Silvia RamosNa opinião da pesquisadora Sílvia Ramos (foto), do Centro de Estudos de Segurança e Cidadania da Universidade Cândido Mendes, no Rio, a cobertura jornalística deveria discutir mais a violência como fenômeno que atinge muito mais os pobres, jovens e negros. Ela mostrou gráficos e estatísticas que apontam o Brasil como o sexto país do mundo em número de homicídios e o quinto em homicídios de jovens e mostrou no mapa do estado do Rio de Janeiro que as mortes se concentram em bairros pobres da periferia.

“O homicídio de jovens entre 15 e 24 anos é sempre de cerca de o dobro da média. Aos 24 anos, a taxa de homicídios é de 400 para 100 mil habitantes. As mortes começam a subir a partir dos 12 anos. A taxa de homicídios de jovens negros é três vezes maior. Na mesma cidade, há taxas muito diferentes. A zona sul tem taxas de primeiro mundo. Esse é o fenômeno que a gente tem que responder, e como Brasil, estamos respondendo pouco. Tem que se falar sobre isso obsessivamente”, enfatizou.

Para Sílvia, só os meios de comunicação podem transformar o caso da menina Kelly, baleada na Vila Aliança, no caso do João Roberto, de classe média, na Tijuca.

A jornalista Tereza Cruvinel, presidente da Empresa Brasil de Comunicação (EBC), concorda que há um viés de classe nas notícias. “Os meios devem refletir sobre os pesos que dão aos fatos dependendo de onde e com quem acontecem”, recomendou.

De acordo a jornalista, os meios de comunicação não apenas apresentam os fatos mas constroem representações, algumas muito nocivas, como a generalização de que todo policial é corrupto. Para ela, é preciso combater a banalização e a espetacularização, investir em editorias de segurança e na formação de jornalistas.

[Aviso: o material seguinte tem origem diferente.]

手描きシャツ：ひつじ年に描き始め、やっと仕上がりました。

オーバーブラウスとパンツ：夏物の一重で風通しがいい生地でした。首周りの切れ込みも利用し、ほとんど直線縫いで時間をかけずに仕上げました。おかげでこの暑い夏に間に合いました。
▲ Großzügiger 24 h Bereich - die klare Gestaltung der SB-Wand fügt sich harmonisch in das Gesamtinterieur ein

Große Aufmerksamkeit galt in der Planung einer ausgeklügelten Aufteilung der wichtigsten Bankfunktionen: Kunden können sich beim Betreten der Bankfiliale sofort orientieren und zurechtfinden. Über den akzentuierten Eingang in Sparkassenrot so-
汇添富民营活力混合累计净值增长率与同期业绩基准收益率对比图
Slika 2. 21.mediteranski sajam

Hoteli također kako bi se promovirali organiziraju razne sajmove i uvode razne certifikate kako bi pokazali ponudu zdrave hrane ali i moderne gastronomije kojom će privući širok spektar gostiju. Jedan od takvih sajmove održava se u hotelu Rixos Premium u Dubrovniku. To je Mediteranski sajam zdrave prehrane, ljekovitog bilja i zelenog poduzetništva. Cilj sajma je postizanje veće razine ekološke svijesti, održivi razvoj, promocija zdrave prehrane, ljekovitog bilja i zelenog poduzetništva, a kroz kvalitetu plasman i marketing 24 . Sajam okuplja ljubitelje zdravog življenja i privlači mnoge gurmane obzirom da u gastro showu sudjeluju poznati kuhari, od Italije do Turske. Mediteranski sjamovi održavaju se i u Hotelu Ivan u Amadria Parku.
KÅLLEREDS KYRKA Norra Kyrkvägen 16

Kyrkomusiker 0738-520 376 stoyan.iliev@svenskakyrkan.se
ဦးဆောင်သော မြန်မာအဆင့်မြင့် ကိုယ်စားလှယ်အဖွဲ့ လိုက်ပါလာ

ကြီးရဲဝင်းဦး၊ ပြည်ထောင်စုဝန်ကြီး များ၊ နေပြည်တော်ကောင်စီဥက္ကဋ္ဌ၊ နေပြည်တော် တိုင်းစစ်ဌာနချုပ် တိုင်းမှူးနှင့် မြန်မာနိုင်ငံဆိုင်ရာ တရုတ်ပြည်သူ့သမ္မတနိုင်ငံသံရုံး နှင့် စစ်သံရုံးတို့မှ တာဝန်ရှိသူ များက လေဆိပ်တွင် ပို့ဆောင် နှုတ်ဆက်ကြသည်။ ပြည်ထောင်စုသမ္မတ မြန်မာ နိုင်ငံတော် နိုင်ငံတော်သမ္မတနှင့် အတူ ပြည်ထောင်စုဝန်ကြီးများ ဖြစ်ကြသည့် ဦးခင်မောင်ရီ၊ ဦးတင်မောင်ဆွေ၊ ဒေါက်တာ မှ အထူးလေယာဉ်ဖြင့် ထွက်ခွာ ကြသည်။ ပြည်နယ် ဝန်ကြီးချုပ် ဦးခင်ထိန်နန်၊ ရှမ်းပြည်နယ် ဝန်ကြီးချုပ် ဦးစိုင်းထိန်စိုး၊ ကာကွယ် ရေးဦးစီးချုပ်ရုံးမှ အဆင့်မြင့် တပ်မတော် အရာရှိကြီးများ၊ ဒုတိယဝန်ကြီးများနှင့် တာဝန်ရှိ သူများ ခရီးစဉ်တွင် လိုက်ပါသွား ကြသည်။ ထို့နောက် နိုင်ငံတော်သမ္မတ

A jornalista Suzana Varjão apresentou a sua pesquisa sobre a violência na mídia baiana, que resultou no livro Micropoderes, macroviolências - Mídia impressa, aparato policial. O estudo compara o tratamento dado por três jornais aos fatos violentos na Bahia. Ela mostrou que às vítimas pobres são dedicadas atenções mínimas.

O impacto da morte violenta de uma colega de trabalho levou Suzana a decidir fazer algo mais contra a violência. Fundadora do Movimento Estado da Paz, que articula comunicadores em torno de debates sobre mídia e violência, ela integra também o grupo gestor do Fórum Comunitário de Combate à Violência e é membro da rede da Fundação Avina.

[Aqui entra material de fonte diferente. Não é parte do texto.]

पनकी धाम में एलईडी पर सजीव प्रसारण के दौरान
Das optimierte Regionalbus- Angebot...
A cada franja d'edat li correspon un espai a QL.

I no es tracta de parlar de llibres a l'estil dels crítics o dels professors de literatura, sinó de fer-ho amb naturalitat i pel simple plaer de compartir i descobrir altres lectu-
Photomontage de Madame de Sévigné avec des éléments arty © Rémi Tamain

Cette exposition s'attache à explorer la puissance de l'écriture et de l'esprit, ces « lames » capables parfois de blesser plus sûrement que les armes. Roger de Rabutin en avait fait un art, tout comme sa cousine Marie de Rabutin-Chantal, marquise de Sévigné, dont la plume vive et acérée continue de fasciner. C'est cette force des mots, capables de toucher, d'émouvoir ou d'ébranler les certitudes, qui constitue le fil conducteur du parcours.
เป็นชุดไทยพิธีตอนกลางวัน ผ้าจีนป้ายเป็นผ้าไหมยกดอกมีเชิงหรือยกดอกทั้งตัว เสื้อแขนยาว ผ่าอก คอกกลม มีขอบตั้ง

Professor da Escola de Comunicação da UFRJ, Maurício Lissovsky observou que "as autoridades reclamam da imprensa e vice versa e a academia reclama do dois". Ele disse que a mídia é que faz o modelo da segurança, pois os governos determinam suas ações em função da repercussão na mídia.

Qualificação

Aziz FilhoAziz Filho (foto), gerente executivo de jornalismo da TV Brasil, sugeriu a criação de Comissões de Segurança nas redações para se discutir como abordar a questão e também a segurança dos próprios repórteres. Ele sugeriu à Secretaria Nacional de Segurança Pública (Senasp) a criação de um programa conjunto para abrir espaços de reflexão sobre a cobertura da segurança pública e treinar jornalistas sobre como agir em caso de perigo de vida.

Angelina Nunes defendeu uma melhor divulgação dos dados sobre criminalidade. “Precisamos de uma lei de informação pública para jornalistas terem acesso a dados. Divulgá-los não é um favor, é um dever”, enfatizou.

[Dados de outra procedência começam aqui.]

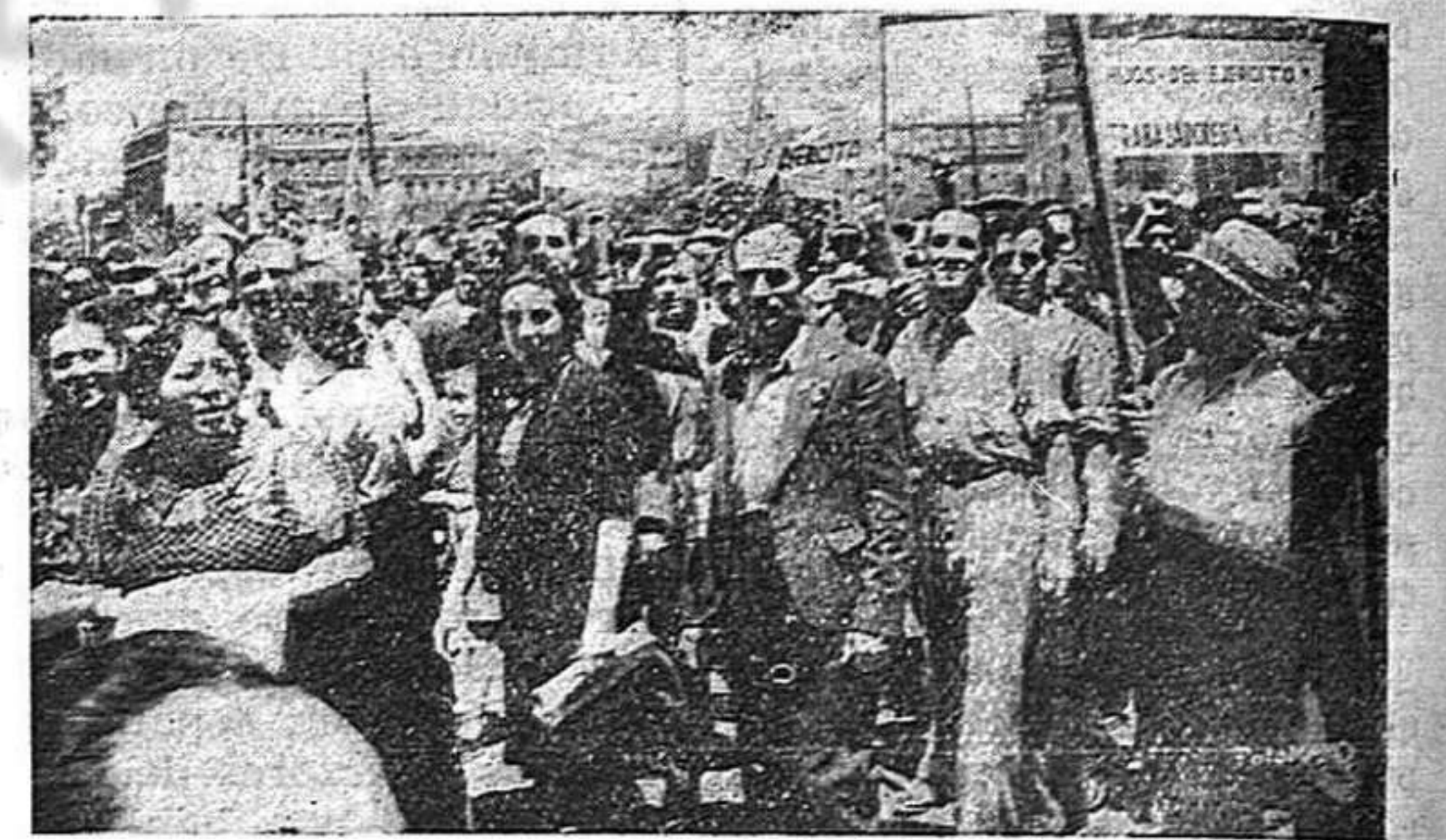
La manifestación del Primero de Mayo a su paso por el Zócalo, en la ciudad de México.

Claro que el sistema que en los primeros momentos dió cierto resultado, comienza a fallar ya, porque los trabajadores conocen a estos soplones hasta en el olor, y además se ayudan con su gran arma: la solidaridad.

O representante do Viva Rio, Tião Santos, encerrou o seminário listando os consensos sobre a importância da formação dos jornalistas, da produção e difusão de dados para que as reportagens tenham base mais científica e da promoção de novos debates e fóruns, visando o que chamou de “comunicação restaurativa”, isto é, que considere os vários atores envolvidos na segurança pública.